And there: I don't see a single reason why same sex marriage is a slippery slope for anything. 
I don't see homosexuals particularly unqualified to raise children, heaven knows, having a pair of matching reproduction organs is no guarantee...(that was another 'slippery slope' argument)

Let's see, what else is there....


----------



## elder999 (Feb 7, 2011)

granfire said:


> Let's see, what else is there....


 

A man who obtains a sex change legally have his birth certificate changed to reflect* "her"* new "_gender_."

And_ legally_ marry a man.


----------



## Bill Mattocks (Feb 7, 2011)

elder999 said:


> With a 52% divorce rate, I'd say "The institution of marriage"(_Why is marriage an *institution?* Because you have to be *committed!* _ :lfao: ) is pretty well broken, if not destroyed.

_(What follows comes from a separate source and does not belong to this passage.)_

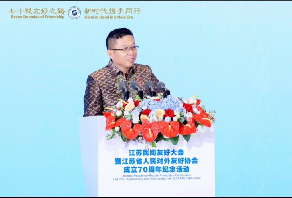 ដោយគូសរំលេចពីការអភិវឌ្ឍនៅកម្ពុជា រួមជាមួយដំណើរទស្សនកិច្ចរបស់លោកអភិបាលខេត្តជាំងស៊ូទៅកាន់ប្រទេសកម្ពុជាកាលពីខែឧសភា ឆ្នាំ២០២៥កន្លងមក លោកបណ្ឌិតក៏បានរំលេចពីទំនាក់ទំនងល្អរវាងកម្ពុជាជាមួយខេត្តជាំងស៊ូ ដូចជាតំបន់សេដ្ឋកិច្ចពិសេសខេត្តព្រះសីហនុ កិច្ចសហប្រតិបត្តិការយុទ្ធសាស្ត្ររវាងកំពង់ផែJiangyin ក្រុងWuxi ប្រទេសចិន និងកំពង់ផែស្វយ័តក្រុងព្រះសីហនុ និងការប្រកាសជាផ្លូវការឆ្នាំទេសចរណ៍ កម្ពុជា-ចិន ឆ្នាំ២០២៥ ហើយតាមរយៈវេទិកានេះ លោកបណ្ឌិតបានលើកទឹកចិត្តដល់ប្រជាជនចិន និងបរទេសទាំងអស់អញ្ជើញមកទស្សនា និងមកបណ្តាក់ទុនវិនិយោគនៅកម្ពុជាដើម្បីបន្តបង្កើនកិច្ចរួមចំណែកអភិវឌ្ឍកម្ពុជាក្រោមម្លប់សុខសន្តិភាព ហើយសមាគមមិត្តភាពកម្ពុជា-ចិនដែលមានអាយុ២៥ឆ្នាំមកនេះបានត្រៀមខ្លួនរួចជាស្រេចក្នុងកិច្ចសម្របសម្រួល និងជាស្ពានទំនាក់ទំនងដ៏ល្អរវាងប្រជាជនកម្ពុជានិងប្រជាជនចិននិយាយដោយឡែក រវាងប្រជាជនកម្ពុជានិងប្រជាជាតិបរទេសនានាទាំងអស់និយាយរួម៕

I can't disagree with that.  But I can disagree that a broken institution is best addressed by smashing it up some more.  One only has to look at the blighted neighborhoods in Detroit to see that setting abandoned and decaying buildings on fire doesn't improve the neighborhood.



> I've posted this before, but* all* government sponsored marriages are "_civil unions_": the public commingling of property rights, inheritance, child custody, personal responsibilities and liabilities. The government will never be out of this business, as it affects tax revenue in many ways.



All they have to do is drop the moniker 'marriage' and go with 'civil union'.  For everybody.  Then they get to continue as before.



> Simply make all govenment marriages "civil unions." Allow an option for polygamy.
> 
> The government will hardly ever (hate to say "never") get involved in the business of religious marriage......at least, no more than it does now: for example, I have a state issued seal to certify marriage licenses at the conclusion of a wedding.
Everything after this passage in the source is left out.